# **** 2015 CTA Fur Auction ****



## catcapper (Feb 11, 2010)

Hey guys & gals--- don't forget the 2015 CTA fur auction is gonna be held Feb. 11th and 12th this year in Hugo CO.

Theres still time to ship your furs to this great auction if ya get'em out the door NOW.

Shipped fur must be received by Feb. 6th.--- fur will be accepted at the door Feb. 7th and 8th.

Folks headed down to the CTA fur auction should be sure to take their camera so they can post up some pictures here on Predatortalk--- you know how we love pictures.

awprint:


----------



## Ruger (Jan 22, 2011)

Wish I had some fur!


----------



## gotspots (May 2, 2011)

Coyotes are hot right now and buyers are coming with money to spend. right at 1500 coyotes consigned now.
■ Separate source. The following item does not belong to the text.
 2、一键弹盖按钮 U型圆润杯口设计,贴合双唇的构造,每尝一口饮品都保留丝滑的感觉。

for more info go to  www.coloradotrapper.com


----------



## Chasin Fur (Jan 28, 2013)

This is what iv got so far... It's all goin up to Hugo... Wish I had more coyotes!


----------



## hassell (Feb 9, 2010)

Nice display and pic., thanks for sharing.


----------



## 220swift (Mar 2, 2011)

nice bunch of hides Chasin Fur, you should do well................


----------



## coyotereaper (Jan 7, 2012)

Is anybody from southern Colorado taking there fur to Hugo this weekend?


----------



## catcapper (Feb 11, 2010)

I only took in a couple dozen furs this season so far and didn't buy any this year cause of the backed up market--- so I wont be sending/taking any fur to auction.
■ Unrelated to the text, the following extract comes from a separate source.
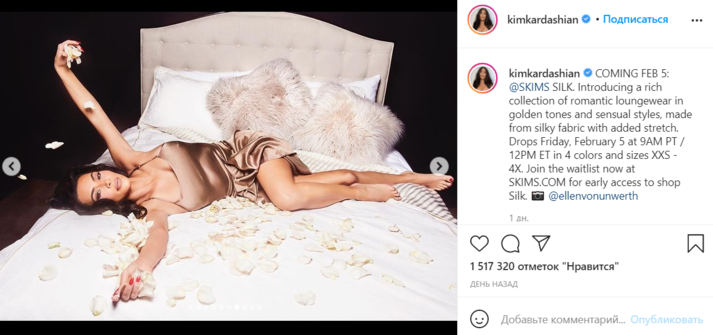 Ким Кардашьян в шелковом белье заставила мужчин растаять (фото)

I tanned everything I skinned this year. Did pretty well so far--- moved every pelt as soon as it was broke.

awprint:


----------



## C2C (Mar 17, 2012)

Nice bunch of hides you have there chasin fur ! Cats are so cool, wish we had more around here . Congrats , and hope you do well at the sale .


----------



## NattyB (Jan 5, 2012)

Nice catch Chasin!

Sold 14 Reds to PA buyer last night at $12.00 per Red (Skinned not stretched). Sold 4 Coyotes and 1 Red to Nebraska buyer for $25.00 each (Skinned not stretched). Happy with Mid-West prices. Keeping day-job with fur market so poor. Don't even mention raccoons...raccoon prices are so low even the school kids are sleeping in.


----------



## catcapper (Feb 11, 2010)

Who ever your PA. buyer is ,is gonna make a kill'in off those eastern reds.
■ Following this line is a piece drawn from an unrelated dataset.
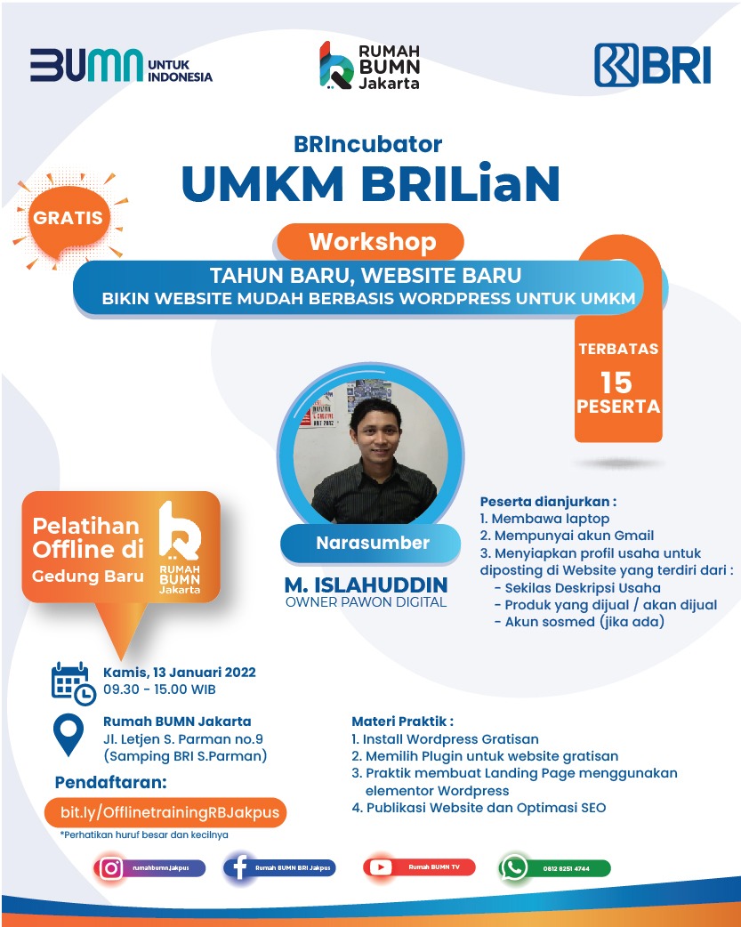 Menjelang tahun baru, tentu harus ada resolusi yang lebih baik dari tahun sebelumnya. Kali ini RUMAH BUMN JAKARTA akan menghadirkan Workshop Membuat Website yang mudah dipelajari bagi UMKM sebagai resolusi tahun baru anda. Penasaran? Yuk cek informasi dibawah ini :

Yep--- raccoon are pretty well down at the bottom of the bottom of the barrel. Hope it doesn't get bad enough that the trapper is gonna have to pay the buyer to get rid of them.lol.

awprint:


----------



## NattyB (Jan 5, 2012)

The Eastern Reds (11 of the 14) were caught first week of November. They weren't as good as the IA red. 11 of the 14 were blue.


----------



## Chasin Fur (Jan 28, 2013)

My fur at Hugo sold better than I anticipated... Grey fox $21-22
Red fox $26
My best coyotes $39
My top cat brought $510
My cats averaged $308


----------



## hassell (Feb 9, 2010)

Thanks for the report.


----------



## Ruger (Jan 22, 2011)

Not to bad! Thanks for the update


----------



## NattyB (Jan 5, 2012)

Good for you Casin. Your time and effort was rewarded.


----------